Automotive Head-Up Display (HUD):
With all of the new features being added to vehicles today, the Human Machine Interface (HMI) within the cockpit has become a key area of focus in the automotive industry. One key technology that has shown promise is theHUD. Some of the key challenges to HUD’s that project the video through the windshield involve the quality and curvature of the windshield surface which the HUD is required to use for projection.
Real-time geometric processing is essential to improving the image quality by automatically correcting the optical distortions. This not only improves the image quality but enables the use of lower cost windshields and HUD mirrors. Looking even further out, the HMI experts are looking at augmented reality applications with the HUD, where objects on the road are highlighted with graphics real-time, these applications require the distortion correction to also be applied real-time.
HUD’s will become more popular as costs come down since they allow drivers to keep their eyes on the road rather than looking down on a display. Next generation HUD’s that are in development will contain a lot of information, transforming the driver seat into an automotive cockpit. See Figure 8.

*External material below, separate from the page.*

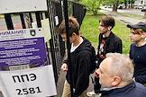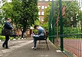 Проведение Единого государственного экзамена (ЕГЭ) по информатике в Государственном бюджетном образовательном учреждении города Москвы "Школе № 429". Жанровая фотография. Ученики перед входом в школу перед началом ЕГЭ.

Auto Safety System Architectures:
There are a lot of discussions underway by various entities as to what will be the ultimate architecture of automotive safety camera systems. Some advocate using a super-computer (ECU) under the hood to handle everything. Perhaps a better approach is to have one or two powerful processors under the hood – one for safety functions and one for infotainment, while the various sub-systems (cameras, displays) having their own “smarts” built-in. This would enable them to send pre-processed video to the ECU’s thus simplifying their tasks and greatly reducing latency. The advantages of having a processor for each camera include the elimination of a single point of failure to the broader system, reducing system latency with local processing, increased flexibility for optioning different classes of vehicles with different numbers of cameras, and insuring that the image and geometric processing are matched to the individual image sensor and lens during manufacture.
The Semiconductor Sales Process in the Auto Industry:
The auto industry supply chain is such that the auto OEM’s (Toyota, VW, GM, etc.) source their camera modules from Tier-1 suppliers (Panasonic, Sony, Magna, Hyundai Mobis, Bosch, etc.). A chip supplier needs to market their devices to both OEM’s (to show the device unique benefits) as well as the Tier-1s, which are the ultimate IC customer. Once the Tier-1’s have evaluated the IC product, built camera prototype they then present them to OEM’s who, in turn, spent considerable time evaluating and qualifying the product. Upon a successful evaluation, the cameras are assigned to a particular model and scheduled for production – typically starting 18 months or longer into the future from that decision. From developing a new chip to ramping volume production can take to 2-4 years, but there are some silver linings. Typical auto platforms are in production for 4-5 years with accurate and dependable volume forecasts. In addition, with the amount of effort that was required to qualify a new camera and once a Tier-1 has the camera in production by an OEM, it typically becomes much easier to roll the same camera quickly across multiple new OEM product lines.
The auto camera IC market is a great market – once you get there! And we believe GEO is there!